Когда я размышляю о всемирной истории, мне хочется попрать ее ногами, но ни с одной красивой девушкой не смог бы я так поступить: отсюда я заключаю, что красивая девушка стоит большего, чем вся всемирная история, и я готов поставить Вилен[113], на берегах которого я так часто предавался утехам и в котором я потом отмывался, против своих дурных поступков, если это не так...

Я был младшим из двух братьев и трех сестер. С детства у меня обнаружилась склонность к уединению, и известные чувства, которым в пору первого цветения доверяешься особенно сильно, наполняли мою фантазию все новыми образами и предметами.

Мой отец арендовал недалеко от Ренна поместье Травемор, одно из многочисленных владений мадмуазель де Саранж, богатейшей наследницы того края. Из года в год мы занимались виноградниками, клеверными полями и садом, и наши вишни были в Ренне нарасхват.

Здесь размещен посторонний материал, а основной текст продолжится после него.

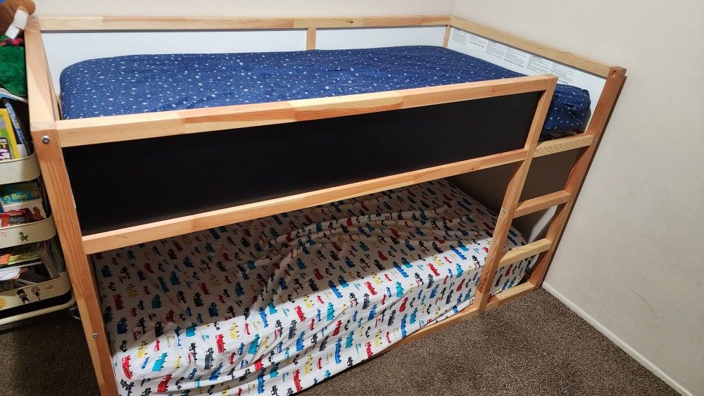 Ikea kids bed that can be made for a single bottom or a single top bed with empty play area under Or what we did was put a mattress and have it as a "bunk bed" that worked while both were toddlers. Orginal price $300 as in photos for just the frame, it was Taken care of and used for a short period before we moved. All taken apart and packed up as shown in last photos. NO MATTESSES OR BEDDING IS INCLUDED OR CAME WITH THE BED FRAME (sorry for the caps but every Facebook question was asking about the mattresses, I purchased those from Casper) Pick up 90220 or can deliver to surrounding areas for a fee* Cash or zelle/venmo/cash app accepted
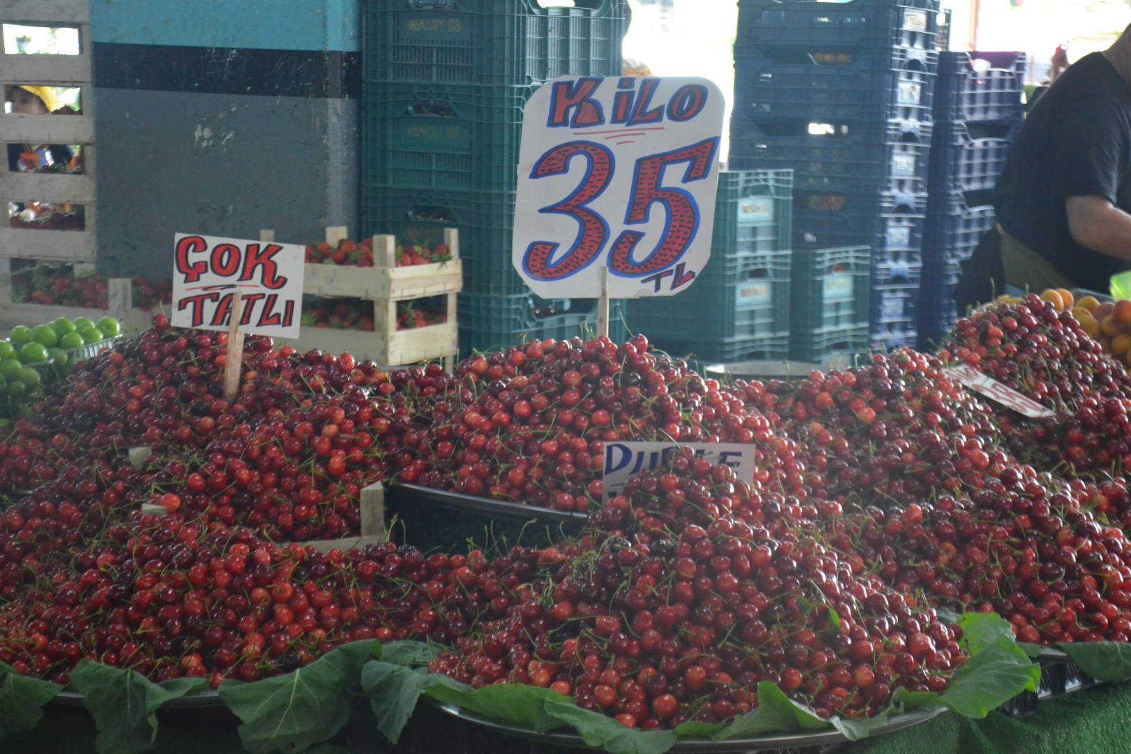 Yalova Kapalı Pazaryeri’ndeki tezgahlarda ürünlerin kilo fiyatları şu şekilde; limon 15 TL, muz 20 TL, çilek 30 TL, erik 30 TL, kiraz 35 TL, kayısı 30 TL, şeftali 35 TL, domates 25 TL, salatalık 17 TL, patlıcan 15, soğan 13 TL, patates 15 TL.
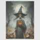 Papel De Seda Haunting Fantasy Gothic Witch, Pumpkins & Moon
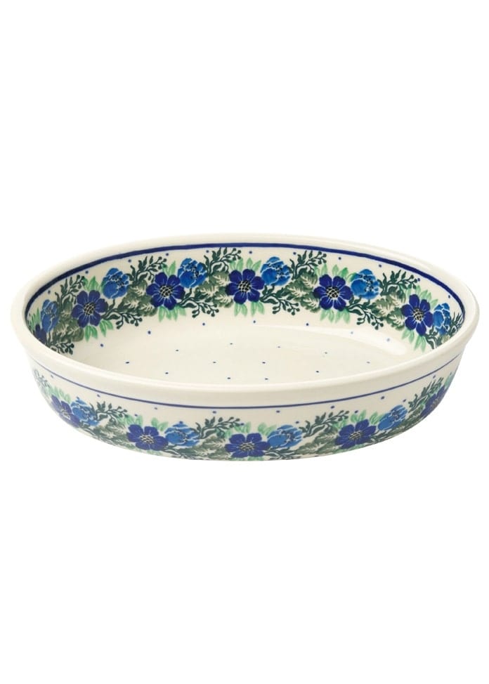 碗的形狀像一個小橢圓。如果你有的話,是一件很有用的東西,無論是用於烤箱烹飪還是作為咖喱或意大利麵的盤子。 該設計來自Pieni系列,其特點是罌粟花和銀蓮花等春天的花朵組成的花環。有一個藍色配色的版本和一個紅色和藍色配色的版本。設計簡單,但讓人聯想到波蘭的春天。
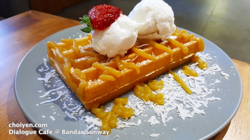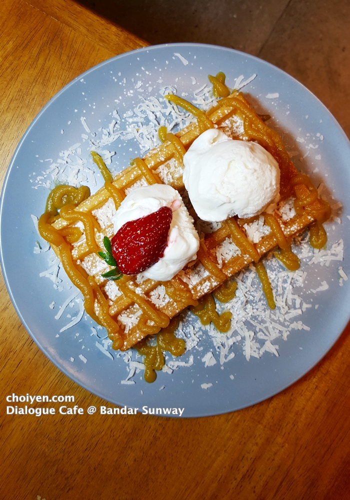 The crispy waffle with soft inner was generously sprinkled with desiccated coconut and fragrant kaya (coconut jam), topped with two scoops of ice cream (we had coconut ice cream that day. A well executed western dessert paired with local ingredients.
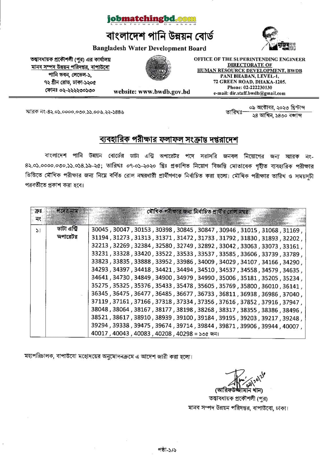 Job Exam Result – বাংলাদেশ পানি উন্নয়ন বোর্ড (bwdb) এর ডাটা এন্টি অপারেটর পদের ব্যবহারিক পরীক্ষার ফলাফল। মৌখিক পরীক্ষার তারিখ পরবর্তীতে প্রকাশ করা হবে।

Мой брат сбежал из дому в двенадцать лет, потому что отец однажды нашлепал его по голому заду в присутствии сестер и пары старух; с тех пор я о брате ничего не слыхал.

Моя старшая сестра вышла замуж за богатого священнослужителя из города и часто навещала нас, когда поспевали вишни.

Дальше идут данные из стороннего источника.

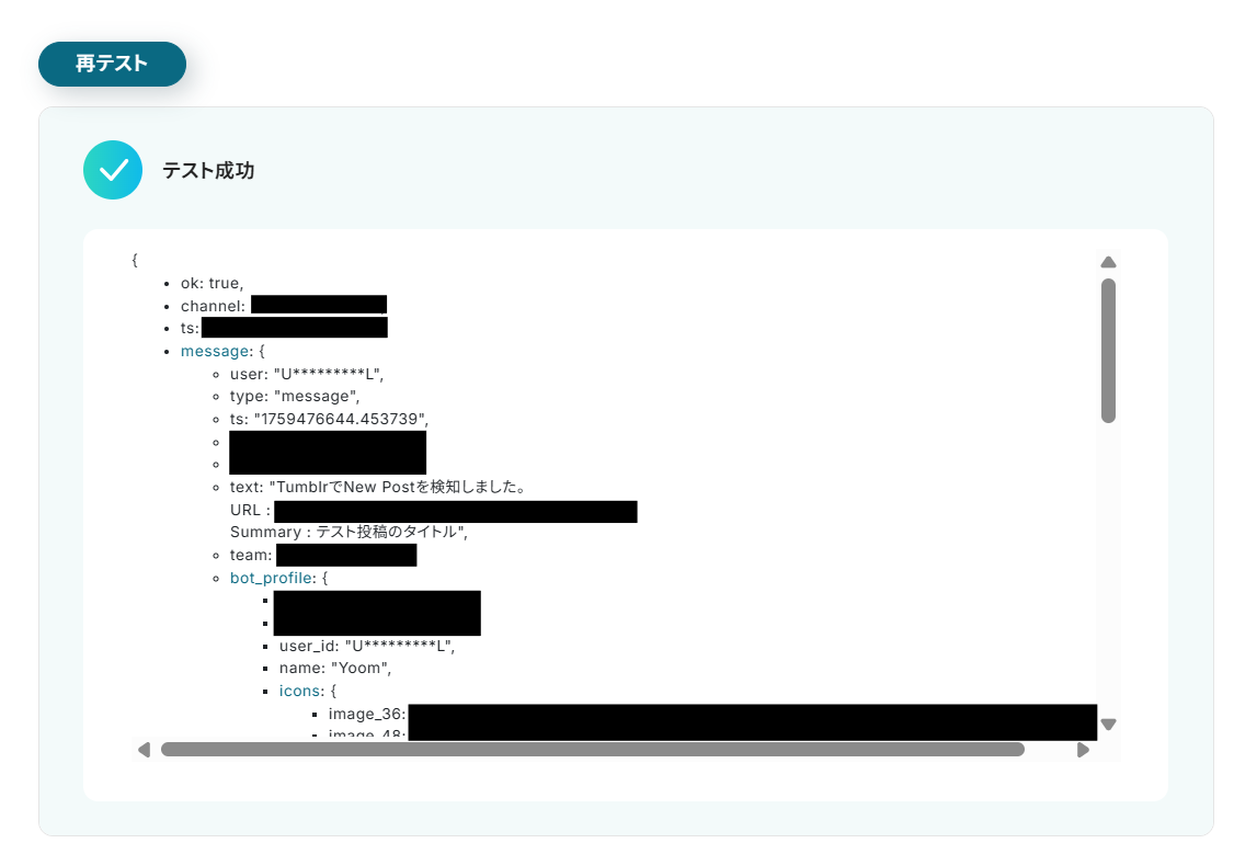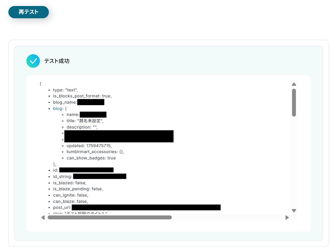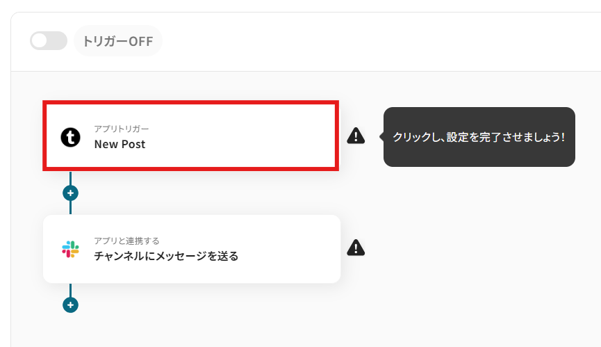 この自動化は、Tumblrの更新情報をトリガーとしてSlackへ直接データを連携するシンプルな構成です。

Мы с моими сестрами, Манон и Мадлен, жили с родителями.

Мои сестры были красивы, но их красота меня не трогала. Я видел их обнаженными; во время легкомысленных игр я похотливо задирал им юбки и исподнее, но никогда при этом не возбуждался. Узы крови наделили их сокровенные прелести холодной обыденностью, которую ни одно дерзкое чувство не было в состоянии изгнать.

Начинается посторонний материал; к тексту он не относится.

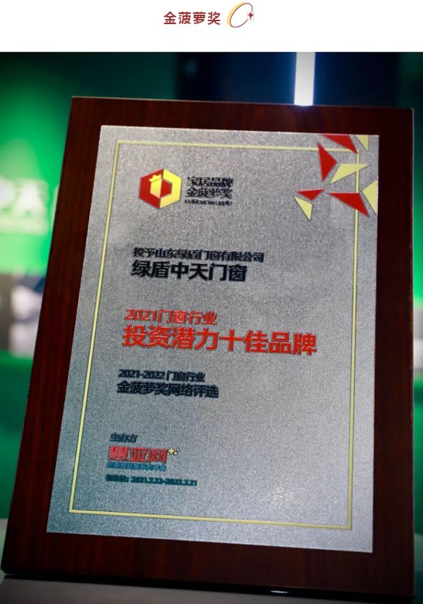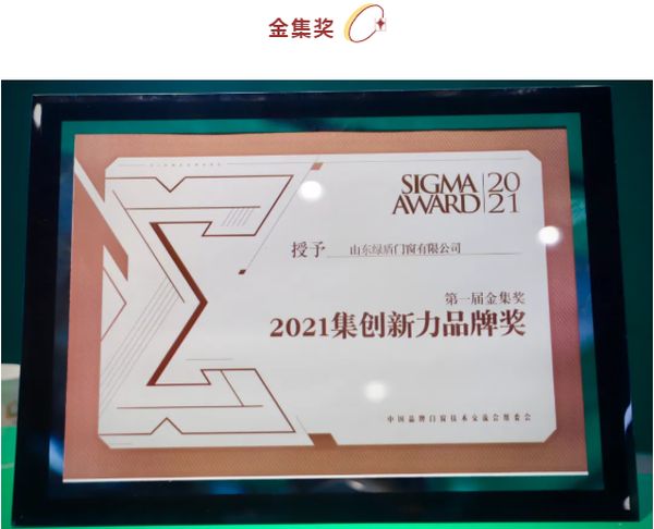 展会期间,在“2021第五届中国家居品牌大会”荣获「2020-2021十大优选门窗品牌」,在“2021金集奖(SIGMA AWARD)”与“金菠萝奖”的颁奖典礼上,绿盾中天门窗一连斩获了「2021集创新力品牌」与「2021门窗行业投资潜力十佳品牌」。

Но все, чего я не замечал в сестрах, вдвойне поражало меня во всяком приближавшемся ко мне женском существе; поэтому моя история будет неполной, если я не поделюсь с тобой всеми анекдотами из моей чувственной жизни.

Мне исполнилось тринадцать лет, была пора сенокоса, отец послал меня со значительной суммой арендных денег в Ренн к мадмуазель де Саранск, которая тогда собиралась замуж. Недалеко от Вирти, в красивой долине, заросшей ольхами и буками, я заметил премилую девушку, спавшую в траве. Ее лицо было закрыто большой соломенной шляпой, она повернулась во сне, и ее левая коленка обнажилась до серой подвязки. При виде этой коленки по моим жилам разлился электрический огонь, и вот уже мой продолжатель рода стоит готовым к бою, едва завидев поле брани.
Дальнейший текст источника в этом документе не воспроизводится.